(Stored entries)
--- START ---
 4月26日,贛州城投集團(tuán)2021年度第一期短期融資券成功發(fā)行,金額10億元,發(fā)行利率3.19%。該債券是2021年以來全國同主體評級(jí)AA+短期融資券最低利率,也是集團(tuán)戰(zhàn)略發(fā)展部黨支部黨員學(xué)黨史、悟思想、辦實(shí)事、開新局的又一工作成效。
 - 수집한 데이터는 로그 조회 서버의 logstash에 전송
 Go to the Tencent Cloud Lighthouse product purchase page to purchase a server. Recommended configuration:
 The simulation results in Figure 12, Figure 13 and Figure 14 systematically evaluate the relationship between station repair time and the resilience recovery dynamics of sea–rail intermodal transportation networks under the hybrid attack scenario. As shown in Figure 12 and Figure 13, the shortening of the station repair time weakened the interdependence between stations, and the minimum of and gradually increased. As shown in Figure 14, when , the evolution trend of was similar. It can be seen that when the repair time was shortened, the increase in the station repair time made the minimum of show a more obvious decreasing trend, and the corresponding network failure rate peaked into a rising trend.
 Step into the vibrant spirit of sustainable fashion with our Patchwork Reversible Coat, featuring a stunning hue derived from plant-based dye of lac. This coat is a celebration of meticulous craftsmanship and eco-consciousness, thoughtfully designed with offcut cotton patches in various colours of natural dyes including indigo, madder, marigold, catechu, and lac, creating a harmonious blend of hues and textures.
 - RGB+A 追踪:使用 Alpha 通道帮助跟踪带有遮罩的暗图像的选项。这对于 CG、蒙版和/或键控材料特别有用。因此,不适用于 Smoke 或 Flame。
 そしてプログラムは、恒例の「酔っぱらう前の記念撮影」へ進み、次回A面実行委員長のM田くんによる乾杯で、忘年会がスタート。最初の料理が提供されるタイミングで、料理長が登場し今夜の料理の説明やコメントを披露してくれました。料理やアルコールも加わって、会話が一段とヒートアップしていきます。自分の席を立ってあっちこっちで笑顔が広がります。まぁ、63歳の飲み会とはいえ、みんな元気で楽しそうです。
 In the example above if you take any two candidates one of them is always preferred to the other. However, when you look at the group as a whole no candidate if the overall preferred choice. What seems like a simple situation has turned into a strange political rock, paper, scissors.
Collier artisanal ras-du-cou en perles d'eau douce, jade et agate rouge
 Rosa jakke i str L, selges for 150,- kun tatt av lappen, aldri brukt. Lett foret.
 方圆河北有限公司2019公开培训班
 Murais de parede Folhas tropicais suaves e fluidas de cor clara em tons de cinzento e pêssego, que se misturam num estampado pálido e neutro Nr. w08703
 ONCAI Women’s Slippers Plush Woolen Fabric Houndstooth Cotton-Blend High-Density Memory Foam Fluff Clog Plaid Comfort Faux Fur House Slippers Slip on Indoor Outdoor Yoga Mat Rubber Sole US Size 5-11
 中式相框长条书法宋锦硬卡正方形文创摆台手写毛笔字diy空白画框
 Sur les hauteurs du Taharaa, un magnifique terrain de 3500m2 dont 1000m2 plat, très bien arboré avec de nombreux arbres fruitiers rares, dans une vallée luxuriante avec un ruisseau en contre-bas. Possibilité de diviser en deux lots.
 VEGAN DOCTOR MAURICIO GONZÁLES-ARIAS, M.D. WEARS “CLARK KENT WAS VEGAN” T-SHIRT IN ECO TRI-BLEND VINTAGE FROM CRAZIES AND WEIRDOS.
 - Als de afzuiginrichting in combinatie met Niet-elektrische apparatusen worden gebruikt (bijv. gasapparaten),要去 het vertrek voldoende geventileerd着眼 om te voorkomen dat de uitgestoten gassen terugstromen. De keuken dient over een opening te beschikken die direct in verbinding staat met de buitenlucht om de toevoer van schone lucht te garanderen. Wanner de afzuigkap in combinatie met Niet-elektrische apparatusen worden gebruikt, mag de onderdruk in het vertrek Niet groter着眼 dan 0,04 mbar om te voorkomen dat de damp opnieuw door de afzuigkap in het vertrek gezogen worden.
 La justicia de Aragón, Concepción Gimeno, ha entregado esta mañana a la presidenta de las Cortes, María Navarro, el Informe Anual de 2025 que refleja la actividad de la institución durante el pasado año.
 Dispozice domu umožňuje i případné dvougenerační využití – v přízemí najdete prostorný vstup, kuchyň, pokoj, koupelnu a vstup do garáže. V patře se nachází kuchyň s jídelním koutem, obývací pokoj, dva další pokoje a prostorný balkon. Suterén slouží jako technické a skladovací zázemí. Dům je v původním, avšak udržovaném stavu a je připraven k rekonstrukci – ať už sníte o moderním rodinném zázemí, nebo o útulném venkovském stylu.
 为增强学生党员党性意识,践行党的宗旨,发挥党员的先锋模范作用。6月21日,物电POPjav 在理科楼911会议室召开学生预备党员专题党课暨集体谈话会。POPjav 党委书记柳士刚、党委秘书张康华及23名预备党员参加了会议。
--- END ---
» **Work to be completed**:
The records above must be transcribed line for line, exactly.

» **Output for this task**:
 4月26日,贛州城投集團(tuán)2021年度第一期短期融資券成功發(fā)行,金額10億元,發(fā)行利率3.19%。該債券是2021年以來全國同主體評級(jí)AA+短期融資券最低利率,也是集團(tuán)戰(zhàn)略發(fā)展部黨支部黨員學(xué)黨史、悟思想、辦實(shí)事、開新局的又一工作成效。
 - 수집한 데이터는 로그 조회 서버의 logstash에 전송
 Go to the Tencent Cloud Lighthouse product purchase page to purchase a server. Recommended configuration:
 The simulation results in Figure 12, Figure 13 and Figure 14 systematically evaluate the relationship between station repair time and the resilience recovery dynamics of sea–rail intermodal transportation networks under the hybrid attack scenario. As shown in Figure 12 and Figure 13, the shortening of the station repair time weakened the interdependence between stations, and the minimum of and gradually increased. As shown in Figure 14, when , the evolution trend of was similar. It can be seen that when the repair time was shortened, the increase in the station repair time made the minimum of show a more obvious decreasing trend, and the corresponding network failure rate peaked into a rising trend.
 Step into the vibrant spirit of sustainable fashion with our Patchwork Reversible Coat, featuring a stunning hue derived from plant-based dye of lac. This coat is a celebration of meticulous craftsmanship and eco-consciousness, thoughtfully designed with offcut cotton patches in various colours of natural dyes including indigo, madder, marigold, catechu, and lac, creating a harmonious blend of hues and textures.
 - RGB+A 追踪:使用 Alpha 通道帮助跟踪带有遮罩的暗图像的选项。这对于 CG、蒙版和/或键控材料特别有用。因此,不适用于 Smoke 或 Flame。
 そしてプログラムは、恒例の「酔っぱらう前の記念撮影」へ進み、次回A面実行委員長のM田くんによる乾杯で、忘年会がスタート。最初の料理が提供されるタイミングで、料理長が登場し今夜の料理の説明やコメントを披露してくれました。料理やアルコールも加わって、会話が一段とヒートアップしていきます。自分の席を立ってあっちこっちで笑顔が広がります。まぁ、63歳の飲み会とはいえ、みんな元気で楽しそうです。
 In the example above if you take any two candidates one of them is always preferred to the other. However, when you look at the group as a whole no candidate if the overall preferred choice. What seems like a simple situation has turned into a strange political rock, paper, scissors.
Collier artisanal ras-du-cou en perles d'eau douce, jade et agate rouge
 Rosa jakke i str L, selges for 150,- kun tatt av lappen, aldri brukt. Lett foret.
 方圆河北有限公司2019公开培训班
 Murais de parede Folhas tropicais suaves e fluidas de cor clara em tons de cinzento e pêssego, que se misturam num estampado pálido e neutro Nr. w08703
 ONCAI Women’s Slippers Plush Woolen Fabric Houndstooth Cotton-Blend High-Density Memory Foam Fluff Clog Plaid Comfort Faux Fur House Slippers Slip on Indoor Outdoor Yoga Mat Rubber Sole US Size 5-11
 中式相框长条书法宋锦硬卡正方形文创摆台手写毛笔字diy空白画框
 Sur les hauteurs du Taharaa, un magnifique terrain de 3500m2 dont 1000m2 plat, très bien arboré avec de nombreux arbres fruitiers rares, dans une vallée luxuriante avec un ruisseau en contre-bas. Possibilité de diviser en deux lots.
 VEGAN DOCTOR MAURICIO GONZÁLES-ARIAS, M.D. WEARS “CLARK KENT WAS VEGAN” T-SHIRT IN ECO TRI-BLEND VINTAGE FROM CRAZIES AND WEIRDOS.
 - Als de afzuiginrichting in combinatie met Niet-elektrische apparatusen worden gebruikt (bijv. gasapparaten),要去 het vertrek voldoende geventileerd着眼 om te voorkomen dat de uitgestoten gassen terugstromen. De keuken dient over een opening te beschikken die direct in verbinding staat met de buitenlucht om de toevoer van schone lucht te garanderen. Wanner de afzuigkap in combinatie met Niet-elektrische apparatusen worden gebruikt, mag de onderdruk in het vertrek Niet groter着眼 dan 0,04 mbar om te voorkomen dat de damp opnieuw door de afzuigkap in het vertrek gezogen worden.
 La justicia de Aragón, Concepción Gimeno, ha entregado esta mañana a la presidenta de las Cortes, María Navarro, el Informe Anual de 2025 que refleja la actividad de la institución durante el pasado año.
 Dispozice domu umožňuje i případné dvougenerační využití – v přízemí najdete prostorný vstup, kuchyň, pokoj, koupelnu a vstup do garáže. V patře se nachází kuchyň s jídelním koutem, obývací pokoj, dva další pokoje a prostorný balkon. Suterén slouží jako technické a skladovací zázemí. Dům je v původním, avšak udržovaném stavu a je připraven k rekonstrukci – ať už sníte o moderním rodinném zázemí, nebo o útulném venkovském stylu.
 为增强学生党员党性意识,践行党的宗旨,发挥党员的先锋模范作用。6月21日,物电POPjav 在理科楼911会议室召开学生预备党员专题党课暨集体谈话会。POPjav 党委书记柳士刚、党委秘书张康华及23名预备党员参加了会议。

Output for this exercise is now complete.